§ **Exercise brief**: From top to bottom, return the listing exactly as it appears, omitting its images.
[[ Source records, beginning ]]
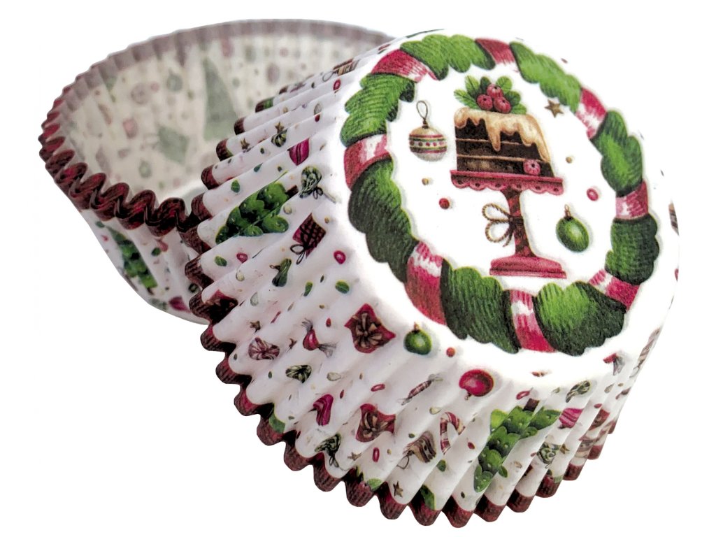 Papírové košíčky na muffiny a cupcakes s vánočním motivem.
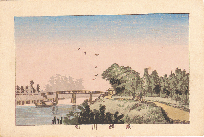 東京真画名所図解は小判サイズ全154点の連作で、明治初期の東京を隈なく描いており資料的価値も高い。全作品中、半数近い59点は清親の作品をほぼ倣い、更にもう3点は清親の強い影響下にある。安治は人物や背景を省略、簡潔な描写に改め、画面の小ささを感じさせない内容のある作品に仕上げた。
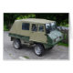 The Haflinger is a small, lightweight, four wheel drive, high mobility vehicle about 3.5 m long and 1.5 m wide, powered by a 643 cc flat twin horizontally opposed,
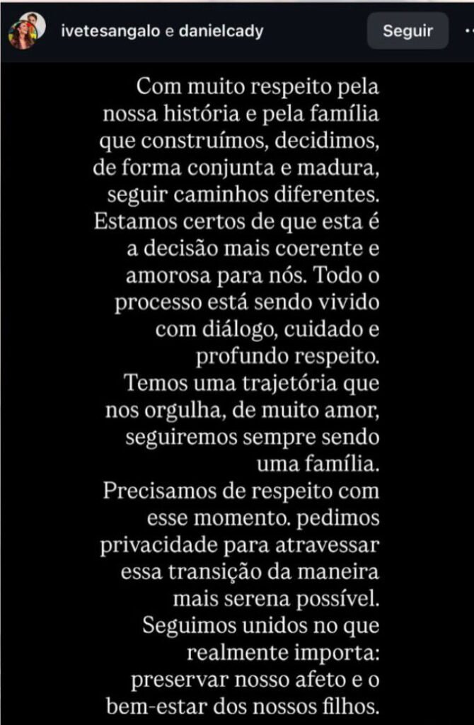 Na nota publicada, ambos pediram respeito à decisão e solicitaram discrição neste momento delicado, destacando que a prioridade continua sendo o bem-estar dos filhos e a preservação da família, mesmo com o encerramento do relacionamento conjugal.
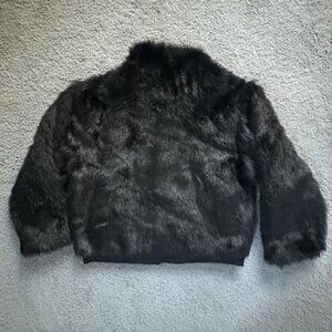 Here is a Vintage International Male Faux Fur Coat in size XXL in Black Fur. This rare bomber jacket is fully Lined and in excellent pre-owned condition. There are no issues to report. Truly fantastic condition.
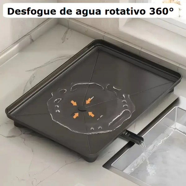 1 escurridor de 2 niveles. 1 bandeja recoge–goteo con salida/boquilla. 1 soporte lateral para tapa/tabla. 1 módulo/riel con ganchos para vasos. Tornillería y llave/guía de armado.1 Bandeja plástica. 1 Manual de usuario.
[[ Source records, end ]]
§ **Written response**:
 Papírové košíčky na muffiny a cupcakes s vánočním motivem.
 東京真画名所図解は小判サイズ全154点の連作で、明治初期の東京を隈なく描いており資料的価値も高い。全作品中、半数近い59点は清親の作品をほぼ倣い、更にもう3点は清親の強い影響下にある。安治は人物や背景を省略、簡潔な描写に改め、画面の小ささを感じさせない内容のある作品に仕上げた。
 The Haflinger is a small, lightweight, four wheel drive, high mobility vehicle about 3.5 m long and 1.5 m wide, powered by a 643 cc flat twin horizontally opposed,
 Na nota publicada, ambos pediram respeito à decisão e solicitaram discrição neste momento delicado, destacando que a prioridade continua sendo o bem-estar dos filhos e a preservação da família, mesmo com o encerramento do relacionamento conjugal.
 Here is a Vintage International Male Faux Fur Coat in size XXL in Black Fur. This rare bomber jacket is fully Lined and in excellent pre-owned condition. There are no issues to report. Truly fantastic condition.
 1 escurridor de 2 niveles. 1 bandeja recoge–goteo con salida/boquilla. 1 soporte lateral para tapa/tabla. 1 módulo/riel con ganchos para vasos. Tornillería y llave/guía de armado.1 Bandeja plástica. 1 Manual de usuario.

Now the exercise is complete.